Task directions -
Please write out only the lines from the line with "In 3rd grade, formal" to the line with "De moderne badkamer", inclusive, exactly as they stand below, without the pictures.

Dataset entries

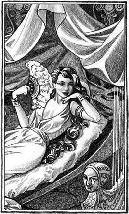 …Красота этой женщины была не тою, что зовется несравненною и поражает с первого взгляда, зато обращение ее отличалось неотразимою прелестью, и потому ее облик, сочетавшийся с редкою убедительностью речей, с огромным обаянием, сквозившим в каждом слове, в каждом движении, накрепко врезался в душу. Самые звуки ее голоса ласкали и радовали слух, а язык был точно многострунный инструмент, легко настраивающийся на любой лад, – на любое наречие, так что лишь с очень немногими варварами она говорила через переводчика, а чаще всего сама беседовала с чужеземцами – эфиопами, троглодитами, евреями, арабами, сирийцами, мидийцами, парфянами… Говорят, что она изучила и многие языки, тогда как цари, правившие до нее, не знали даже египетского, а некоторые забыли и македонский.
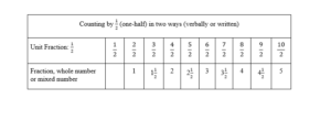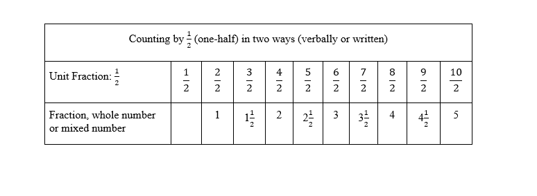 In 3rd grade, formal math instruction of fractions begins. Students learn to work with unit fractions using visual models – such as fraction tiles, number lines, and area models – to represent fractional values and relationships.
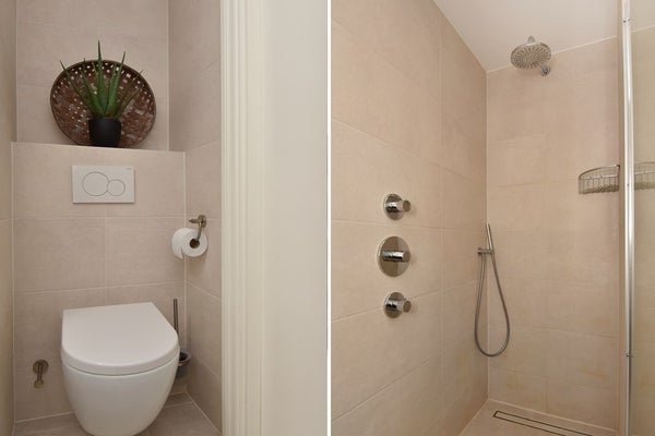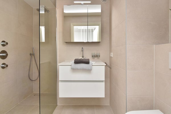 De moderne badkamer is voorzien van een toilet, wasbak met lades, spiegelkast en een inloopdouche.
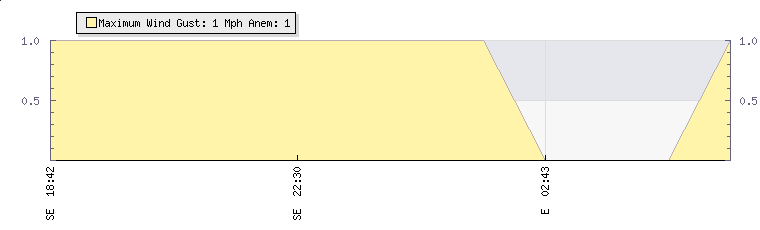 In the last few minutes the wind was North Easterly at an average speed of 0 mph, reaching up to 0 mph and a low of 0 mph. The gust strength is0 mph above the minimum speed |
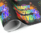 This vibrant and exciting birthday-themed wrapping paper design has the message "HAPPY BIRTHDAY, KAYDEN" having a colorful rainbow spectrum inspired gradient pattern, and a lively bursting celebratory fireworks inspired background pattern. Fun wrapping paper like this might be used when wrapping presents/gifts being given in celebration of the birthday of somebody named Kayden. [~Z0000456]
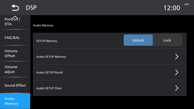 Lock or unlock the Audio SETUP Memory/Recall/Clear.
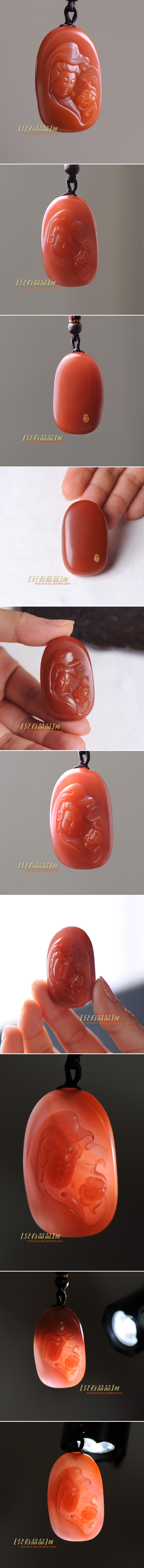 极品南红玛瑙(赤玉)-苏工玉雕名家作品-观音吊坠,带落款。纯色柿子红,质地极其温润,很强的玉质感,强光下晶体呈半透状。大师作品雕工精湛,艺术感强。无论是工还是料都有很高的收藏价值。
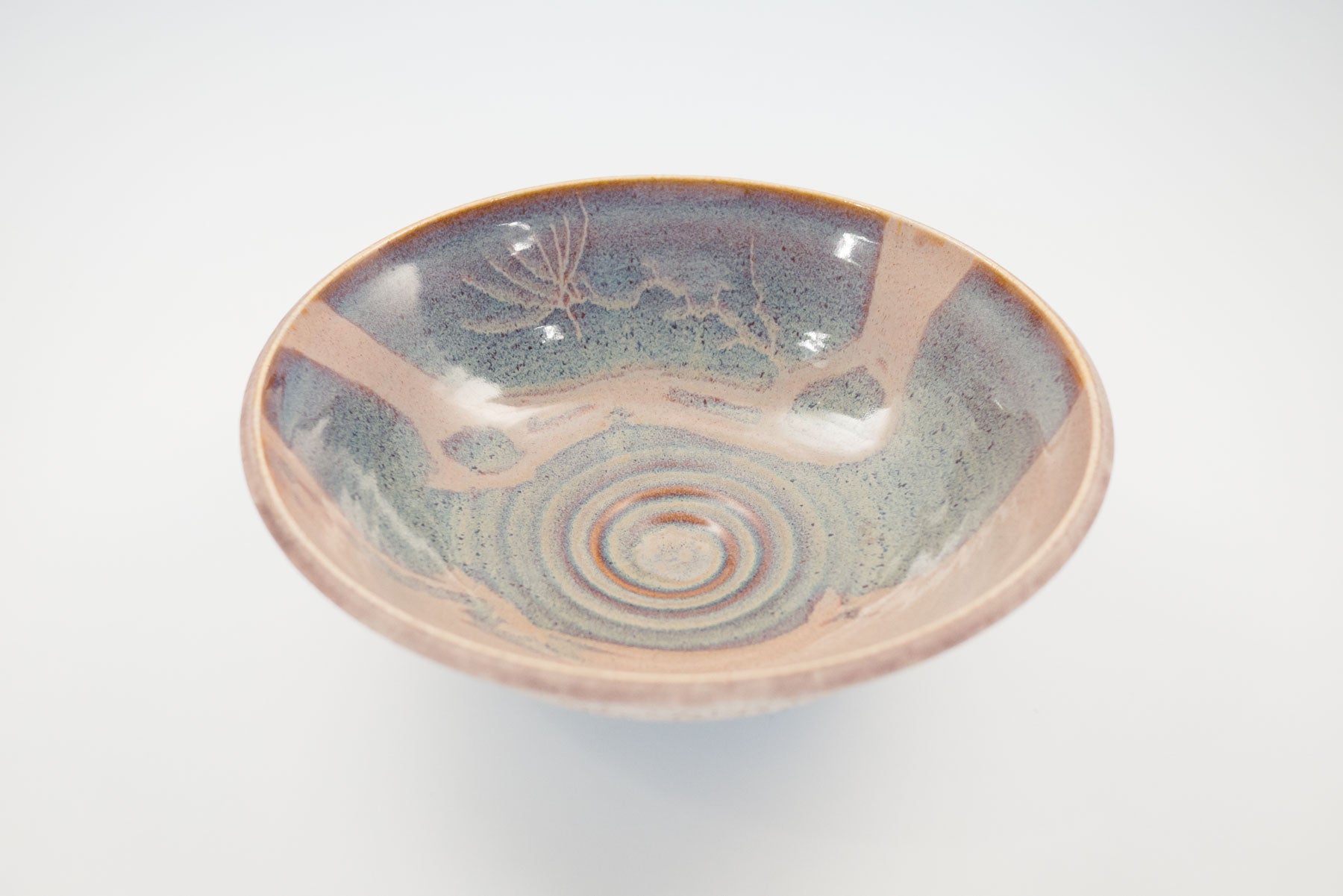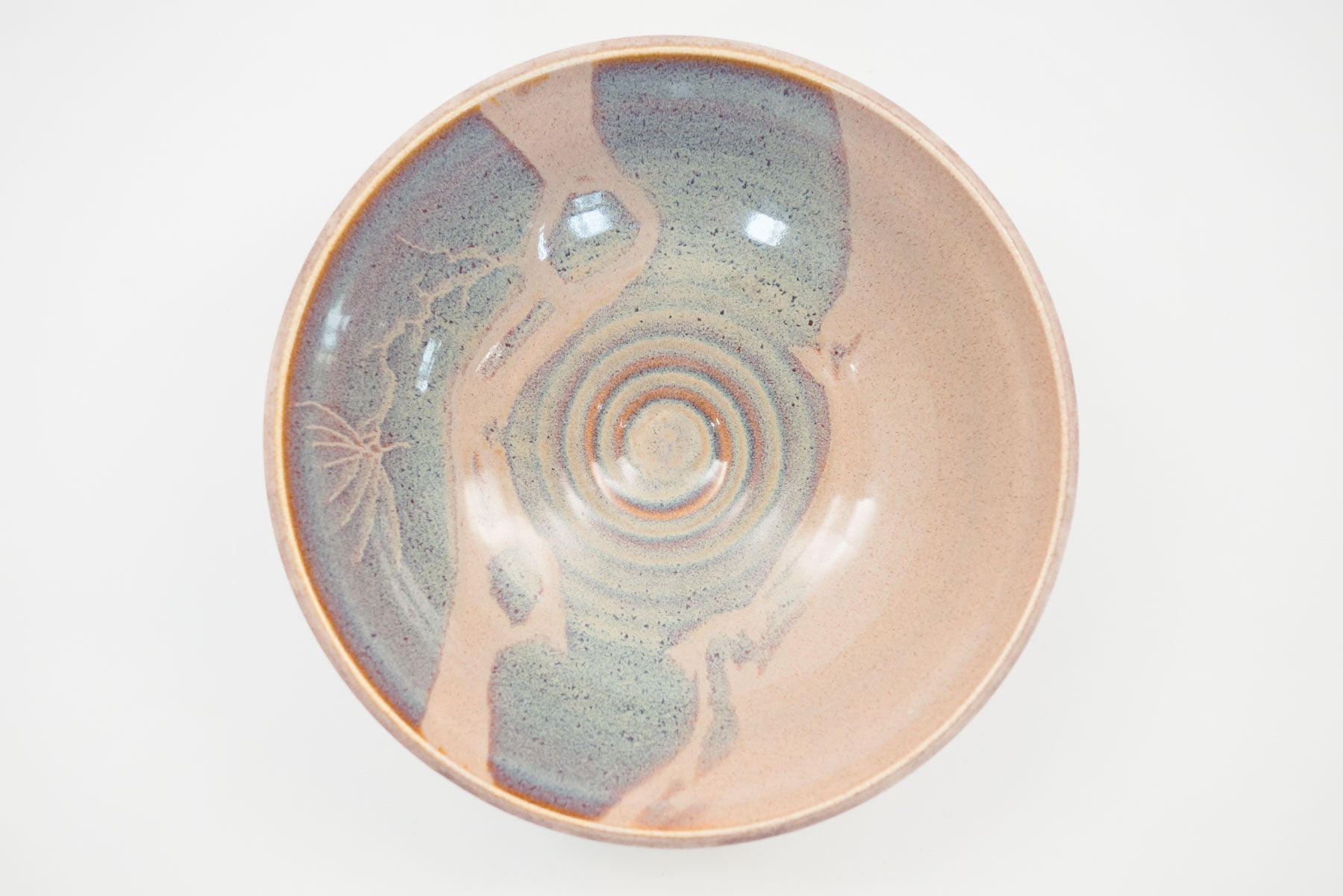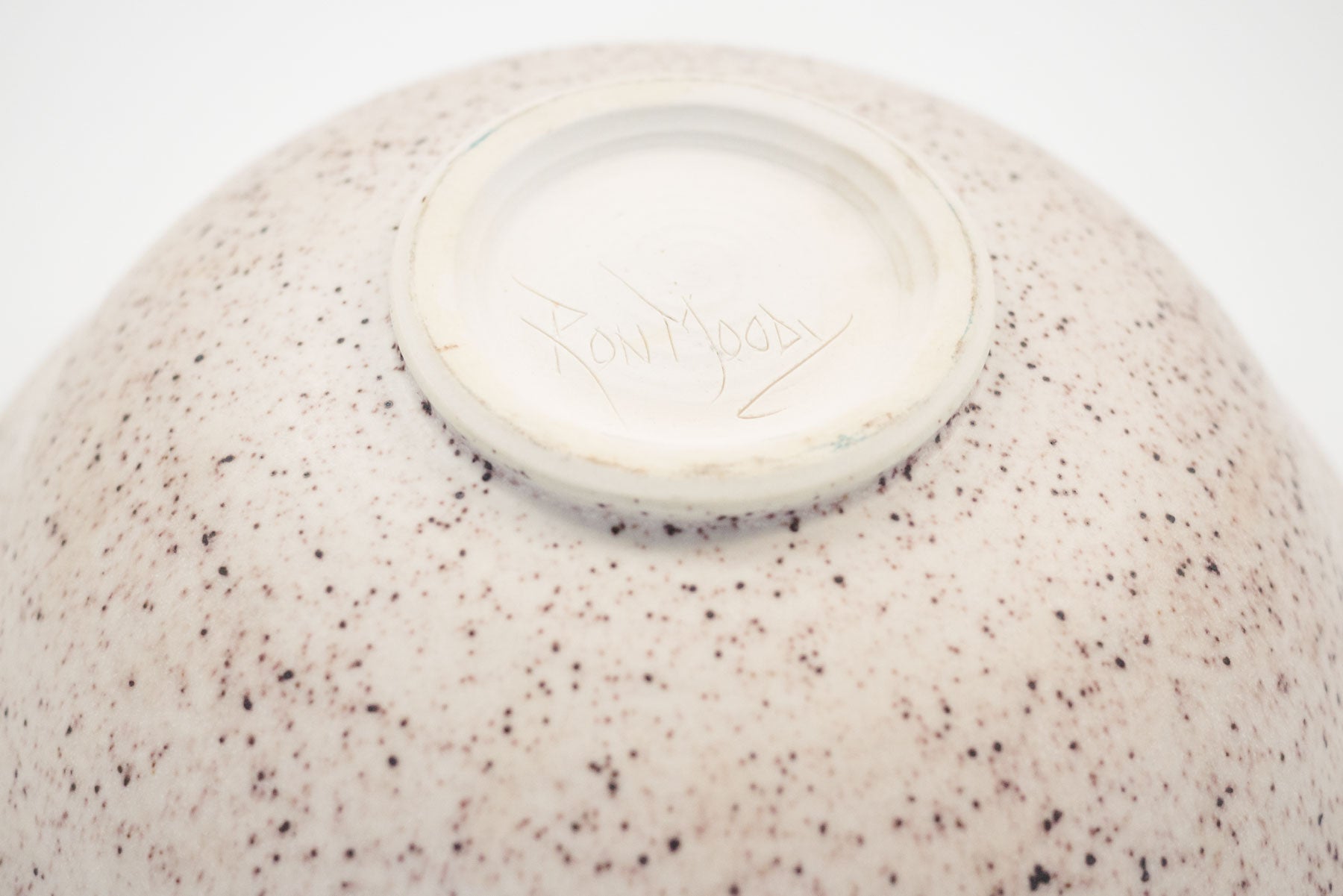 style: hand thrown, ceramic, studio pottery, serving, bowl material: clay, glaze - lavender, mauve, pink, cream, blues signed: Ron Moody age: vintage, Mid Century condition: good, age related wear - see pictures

Answer -
 In 3rd grade, formal math instruction of fractions begins. Students learn to work with unit fractions using visual models – such as fraction tiles, number lines, and area models – to represent fractional values and relationships.
 De moderne badkamer is voorzien van een toilet, wasbak met lades, spiegelkast en een inloopdouche.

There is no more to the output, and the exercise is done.